:: Available data ::
■ ■ ■ ■ ■ ■ ■

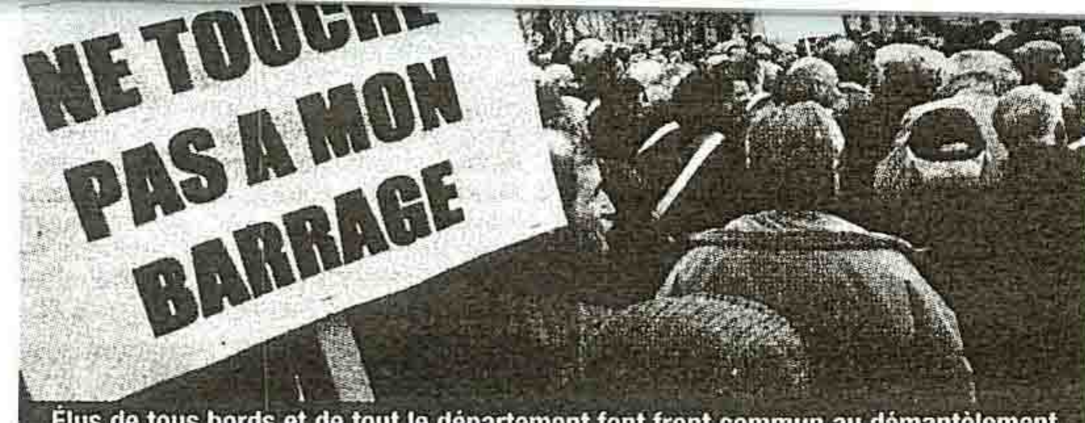
Élus de tous bords et de tout le département font front commun au démantèlement

Détruire le barrage quand l'État mise sur les énergies propres : « hérésie » pour les élus de Haute-Loire, qui rappellent que l'ouvrage produit de l'électricité pour... 50 000 habitants ! » par Guillaume Laurens
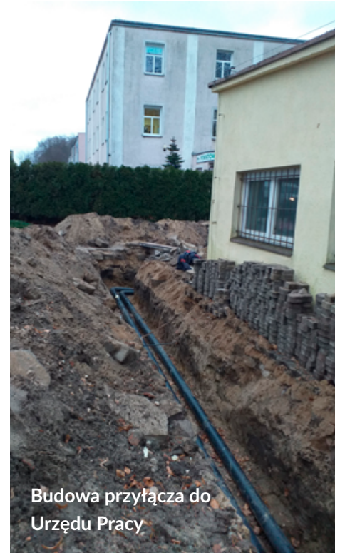
Budowa przyłącza do Urzędu Pracy

bezpieczeństwo funkcjonowania urządzeń technicznych, kocioł zostanie ostatecznie przejęty w eksploatację przez MPEC Sp. z o.o.
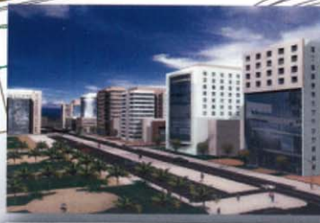
VUE DU PARC URBAIN
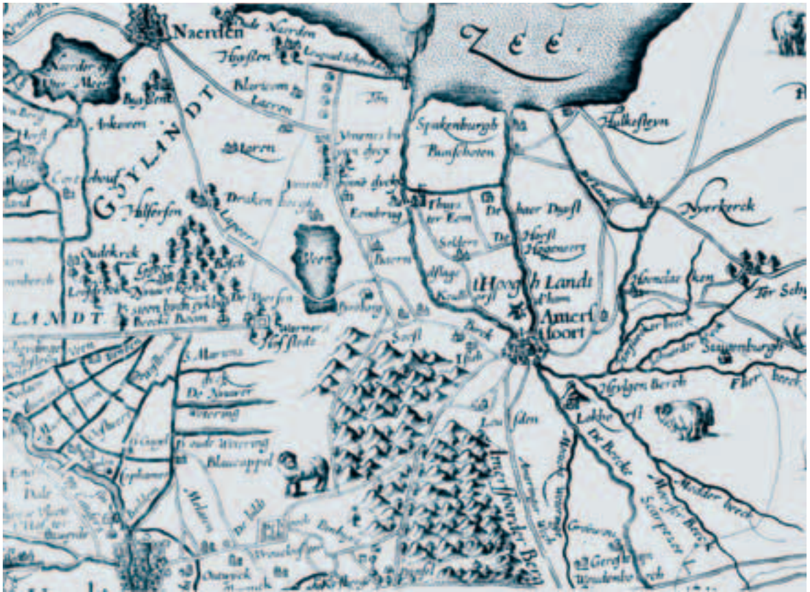
Afb. 5. Anonieme kaart van de Provincie Utrecht, gedrukt door P. Kaerius in 1616 (Topografische Atlas 40). Deze kaart gaat terug op een eveneens anonieme manuscriptkaart vervaardigd rond 1580 (Topografische Atlas 6). Hierop staat duidelijk aangegeven dat Bunschoten en Spakenburg aan de oostkant van de Spakenburgergracht liggen, die bijna nog breder is getekend dan de Eem zelf. Dat de gracht op de kaart doorloopt tot aan Amersfoort komt waarschijnlijk doordat men via de Neerduisterwetering (de vroegere Haarsaterdrecht en Zeldrecht) van Bunschoten naar Hoogland kon varen. De Westpolder van Bunschoten lijkt een eiland te zijn. Het Utrechts Archief, Topografische Atlas nrs. 40 en 6, zie Dekker en Mijnsen-Dutilh, Eemlandsche Leege Landen, 90-91.

gemeenland en blijven dat meestal tot in de tijd dat er schriftelijke bronnen over grondeigendom zoals belastingregisters zijn. De eigendom van de zijdwende van Bunschoten is in de zestiende eeuw met de onderhoudsplicht voor de Veendijk en de andere gemeenlandswerken overgegaan op het Heemraadschap van de Veendijk.
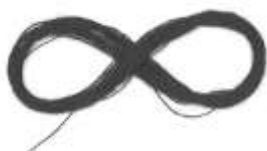
slika 19: črn sukanec
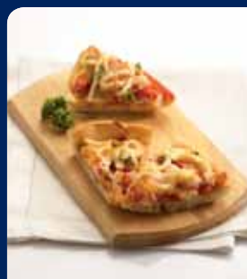
มินิพิซซ่า
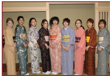
日本文化体験きもの教室の様子

研修終了時に修了レポートを提出します。そのために指導教員による個別指導も行われます。 ※成績証明書が発行可能です。 ※早期修了は、原則としてできません。
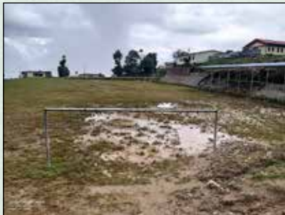
जप्सीले खेल मैदान
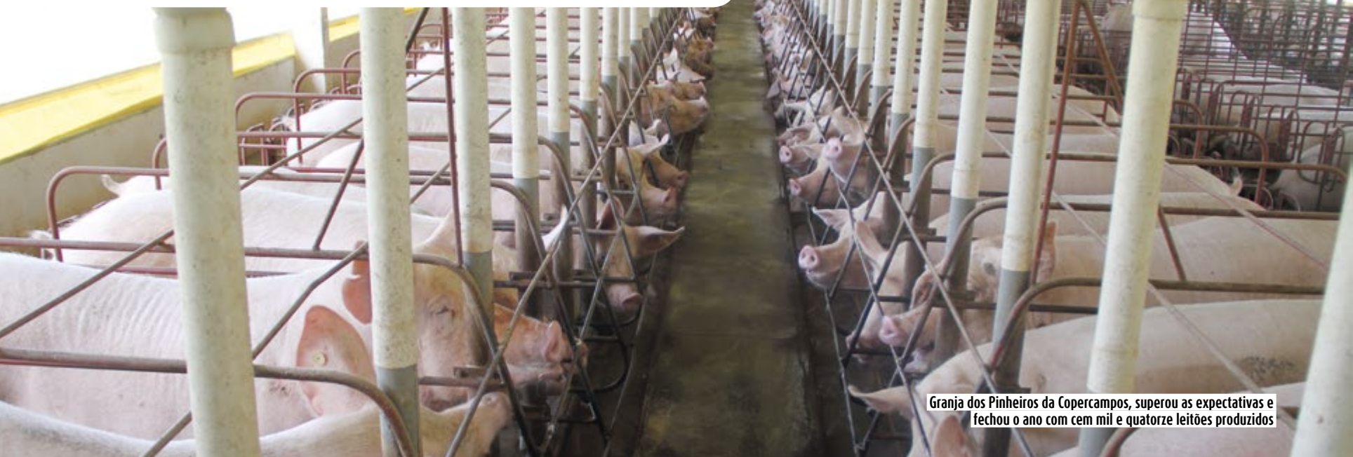
Granja dos Pinheiros da Copercampos, superou as expectativas e fechou o ano com cem mil e quatorze leitões produzidos

E m 2014 a produção de suínos na Granja dos Pinheiros da Copercampos, superou as expectativas e fechou o ano com cem mil e quatorze leitões produzidos, cerca de 12,6 mil a mais do que o projetado pelo Departamento Agroindustrial da cooperativa, que era 88,4 mil suínos. A granja produz linhagens para Agrocerec Pic, sendo cruzamentos que produzem 8 linhagens.
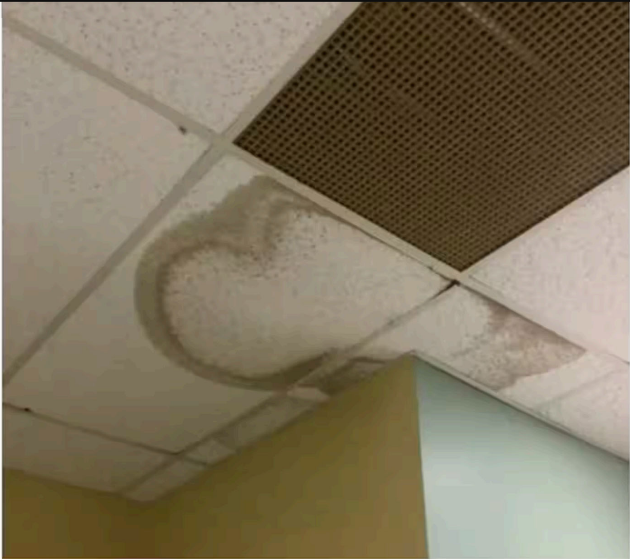
Traces d'infiltration d'eau dans le plafond d'un local de l'école Notre-Dame-de-la-Paix, à Beauharnois, en 2024
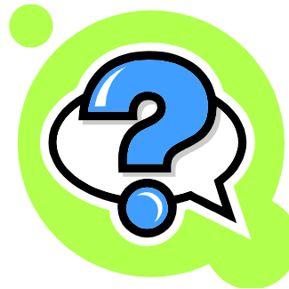
Figura 1: Signo de interrogación

¿Cuáles son los servicios disponibles en Internet y su aplicación en la educación?
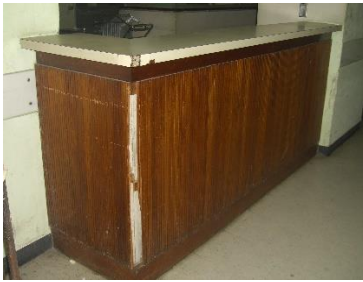
Mostrador principal, vista exterior ala izquierda, estar Enfermería
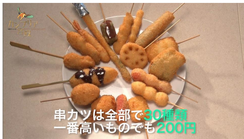
画面イメージ(『カンブリア宮殿』より)

『ガイアの夜明け』『未来世紀ジパング』『カンブリア宮殿』の番組全体を「2分で分かるシリーズ」に再構成して映像と記事を提供します
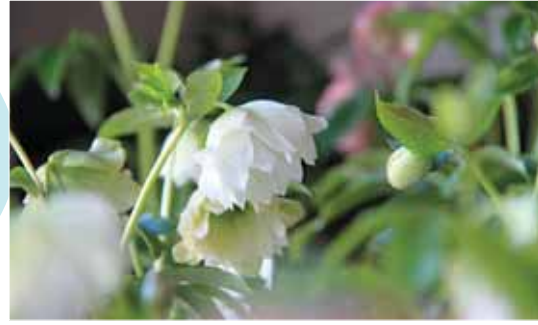
うつむき加減に咲きます
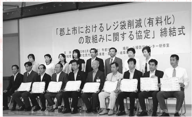
▲レジ袋有料化協定締結—郡上市と住民団体、事業者、岐阜県— 市におけるレジ袋削減(有料化)の取り組みに関する協定の締結式が8月1日(金)八幡防災センターで開かれました。協定では、市内自治会や女性の会、シニアクラブなどでつくる環境団、県、市の三者と各事業者の間で行われ、市内6社11店が10月1日(水)からレジ袋の有料化を開始しました。
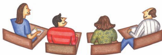
Imagen guía 26 del Ministerio de Educación Nacional.
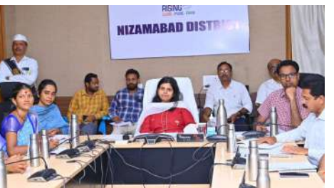
పరిమితం కాకుండా పెద్ద వ్యాపారాల్లోకి రావాలని ముఖ్యమంత్రి పిలుపునిచ్చారు. రైన్ మిల్లులు, మండల స్థాయిలో గోదాములు, లాజిస్టిక్ పార్కులు నిర్మించుకోవాలని సూచించారు. వాటికి అవసరమైన చోట భూములను కేటాయించేందుకు ప్రభుత్వం సిద్ధంగా ఉందని చెప్పారు. అవసరమైతే 100 ఎకరాల వరకు భూములు ఇప్పడానికి సిద్ధమని అన్నారు. ధాన్యం కొనుగోలు, నిల్వ, మిల్లింగ్ వ్యవస్థలో మహిళా సంఘాల పాత్ర పెరగాలని సీఎం అన్నారు. సంఘాల వద్ద కొనుగోలు చేసి, బియ్యం ప్రభుత్వానికి అందించేలా చర్యలు తీసుకుంటామని చెప్పారు. ఆడిషన్లు ప్రతి గింజుకు జవాబుదారులుగా ఉంటారని, వారి చేతుల్లోకి ఈ వ్యవస్థ వెళ్లే పారదర్శకత, బాధ్యత మంటే పెరుగుతుందన్నారు. మహిళా సంఘాల ఆధ్వర్యంలో కార్యక్రమాలకు మహిళా శక్తి సూపర్ బజార్లు నెలకొల్పాలని ముఖ్యమంత్రి సూచించారు. డిమాండ్, బిగ్ బజార్లకు బోటిగా ఉండేలా అధ్యక్షమైన మహిళా శక్తి సూపర్ బజార్లు ఏర్పాటు చేయాలని అన్నారు. పట్టణాల్లో సూపర్ బజార్ ఏర్పాటుకు తక్కువ ధరకు స్టాలను లీజుకు ఇచ్చేందుకు ప్రభుత్వం సిద్ధంగా ఉందని చెప్పారు. నాణ్యమైన వస్తువులు ప్రజలకు అందుబాటులోకి రావాలి, రైతుల ఉత్పత్తులకు మార్కెట్ దరకాలి, మహిళా సంఘాలకు అదాయం రావాలి అన్నదే ఈ ఆలోచన వెనుక ఉన్న లక్ష్యమని వివరించారు. రాష్ట్ర ప్రభుత్వం కూడా మహిళా శక్తి సూపర్ బజార్లలో మాటలాడుతూ ఉంటుందని, రైతులు సంబంధించి మంచి పంటలు, అర్థానికి ఉత్పత్తులు, నిత్యావసర సరకులు వీటి ద్వారా వినియోగదారులకు చేరేలా చూడాలని అన్నారు. గ్రామీణ ఉత్పత్తులకు మంచి మార్కెట్ లభిస్తే రైతులకు మేలు జరుగుతుందని, వినియోగదారునికి నాణ్యమైన వస్తువు, మహిళా సంఘాలకు అదాయం లభిస్తుందని చెప్పారు. ఒకే

నిజామాబాద్, మే 25 : ( విజన్ ఆంధ్ర ) 2034 నాటికి కోటి మంది మహిళలను కోటి స్టార్లుగా చేస్తామని ముఖ్యమంత్రి ఎ.రేవంత్ రెడ్డి స్పష్టం చేశారు. మహిళా శక్తిని దేశానికి ఆదర్శంగా నిలబెట్టడమే ప్రజా ప్రభుత్వ సంకల్పమని అన్నారు. ‘మహిళలకు అత్యంతా నిలబడితే కుటుంబం నిలబడుతుంది, కుటుంబం నిలబడితే గ్రామం బలపడుతుంది, గ్రామం బలపడితే తెలంగాణ అభివృద్ధి చెందుతుంది..’ అన్నారు. మహిళా సంఘాలకు బ్యాంక్ లింకేజీ రుణాల పరిమితిని రూ.5 లక్షల నుంచి రూ.10 లక్షలకు పెంచుతున్నట్లు ముఖ్యమంత్రి ప్రకటించారు. సోమవారం సచివాలయం వేదికగా రాష్ట్రంలో నిర్వహించిన 8 వేల ఇందిరా గాంధీ స్త్రీ శక్తి భవనాల నిర్మాణానికి ముఖ్యమంత్రి రేవంత్ రెడ్డి వర్చువల్ గా శంకుస్థాపన చేశారు. ప్రజాపాలన ప్రగతి ప్రణాళికలో భాగంగా నిర్వహిస్తున్న మహిళా వారోత్సవాల సందర్భంగా ఈ కార్యక్రమం చేపట్టారు. మహిళలను అర్థికంగా నిలబెట్టే దిశగా ఇది చారిత్రక కార్యక్రమమని సీఎం అన్నారు. అదే వేదికపై చిలకపల్లి రంగుల్ ఉన్న ఇందిరమ్మ వీరల నాలుగు కొత్త డిజైన్లను కూడా సీఎం అవిష్కరించారు. సీఎంతో పాటు డిప్యూటీ సీఎం మల్లు భగవీరమ్మ, మంత్రి కల్వకుంట్ల తీర్థ ప్రదీప్ బాబు, ఖరీఫ్ లోని శ్రీనివాస్ రెడ్డి, రాజ్య సభ సభ్యులు వేం నరేందర్ రెడ్డి, ప్రభుత్వ సలహాదారు హర్షార వేణు గోపాల్, మహిళా కమిషన్ చైర్మన్ గద్వాల విజయ లక్ష్మి, ఎంఎల్ ఏలు, వివిధ కార్యోద్యోగ చైర్మన్లు, ఆయా విభాగాల ఉన్నతాధికారులు ఈ సమావేశంలో పాల్గొన్నారు. ఇప్పటివరకు ప్రజా ప్రభుత్వం మహిళా సంఘాలకు రూ.60,472 కోట్ల బ్యాంక్ లింకేజీ రుణాలు అందించినందుకు, వడ్డీ లేని రుణాలకు ఇప్పటికే రూ.1,390 కోట్లను చెల్లించినందుకు, మహిళా సంఘాల ఇకపై చిన్నచిన్న ఉపాధి కార్యక్రమాలకే
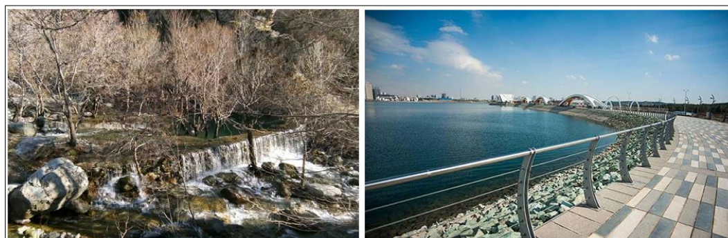
شکل (۴). جاذبه‌های شهر تهران (سمت راست: تصویر دریاچه چیتگر؛ سمت چپ: تصویر درکه)
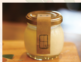
土〜夢の豆乳プリン とろける豆乳プリン県産卵使用
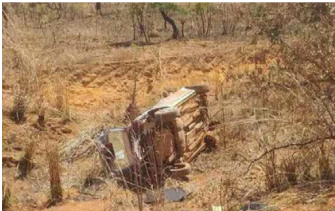
Mesmo após o acidente, os suspeitos abandonaram o carro e fugiram a pé em direção a uma área de mata

Segundo relatos da PMGO, os criminosos desapareceram
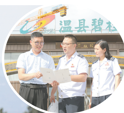
▲近日,温县税务局开展“聚焦急难愁盼 助企轻装上阵”专项行动,精准掌握纳税人缴费人需求,点对点送“春风”、一对一做辅导,强化税企互动,推进精细化税费服务,不断优化税收营商环境,为企业发展加油添力。
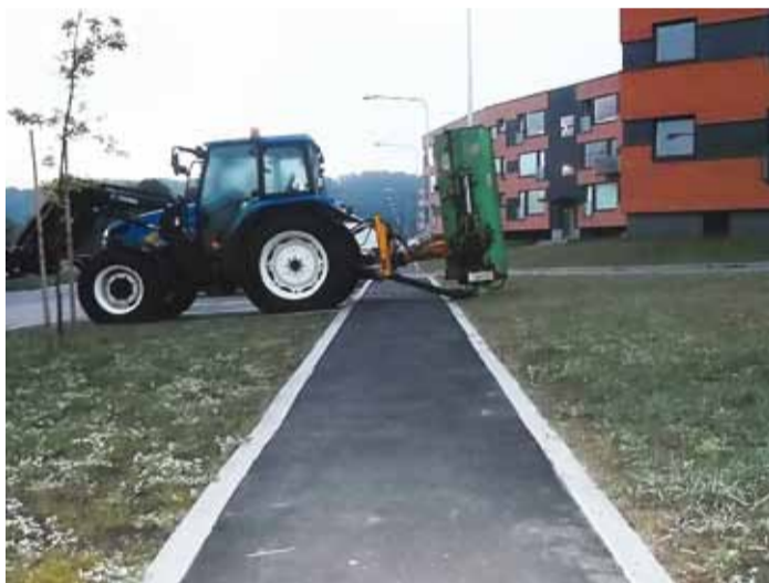
Vales kohas parkimist jääb üha vähemaks.
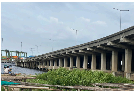
▲ 尼国のインフラ構造物

SHO-BOND & MITインフラメンテナンス株式会社(以下「当社」、ショーボンドホールディングス株式会社(以下「ショーボンド」))51%出資、三井物産株式会社(以下「三井物産」)49%出資)は、PT SMART INSPECTION INDONESIA社(以下「SII社」)と、インドネシア共和国(以下「尼国」)における事業連携の枠組を構築するための覚書(Memorandum of Understanding、以下「本MOU」)を締結しました。
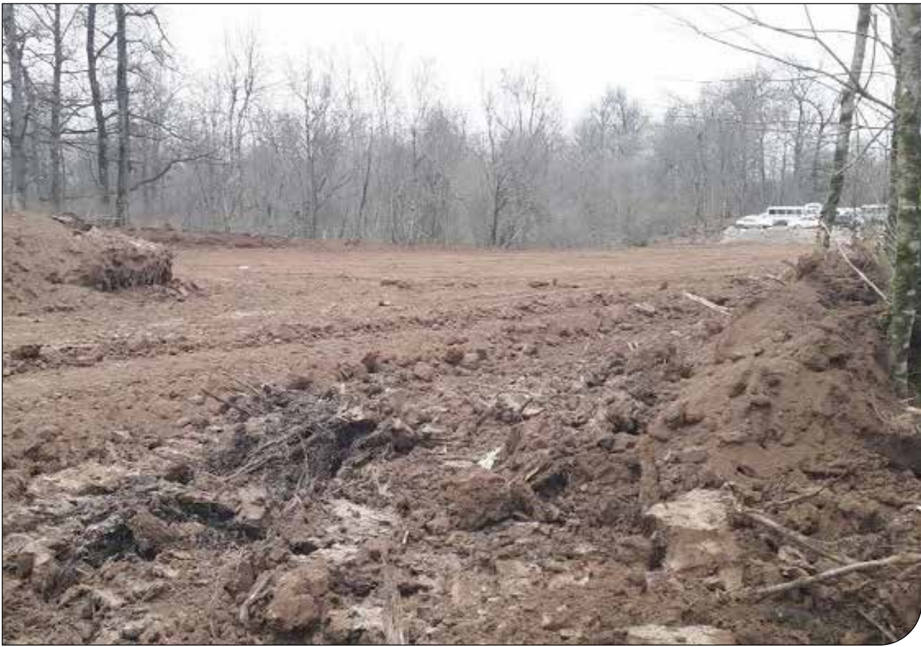
خبرگزاری صدا و سیما

دبیر شبکهٔ تشکل‌های منابع طبیعی مازندران: از بین رفتن هزاران تن خاک جنگلی فراموش شده است

■ ■ ■ ■ ■ ■ ■

:: Exercise instructions ::
Only the lines from the one with "Vales kohas parkimist jääb üha vähemaks." through the final line of the entries above should be transcribed, exactly and without pictures.

:: Exercise answer ::
Vales kohas parkimist jääb üha vähemaks.
▲ 尼国のインフラ構造物

SHO-BOND & MITインフラメンテナンス株式会社(以下「当社」、ショーボンドホールディングス株式会社(以下「ショーボンド」))51%出資、三井物産株式会社(以下「三井物産」)49%出資)は、PT SMART INSPECTION INDONESIA社(以下「SII社」)と、インドネシア共和国(以下「尼国」)における事業連携の枠組を構築するための覚書(Memorandum of Understanding、以下「本MOU」)を締結しました。
خبرگزاری صدا و سیما

دبیر شبکهٔ تشکل‌های منابع طبیعی مازندران: از بین رفتن هزاران تن خاک جنگلی فراموش شده است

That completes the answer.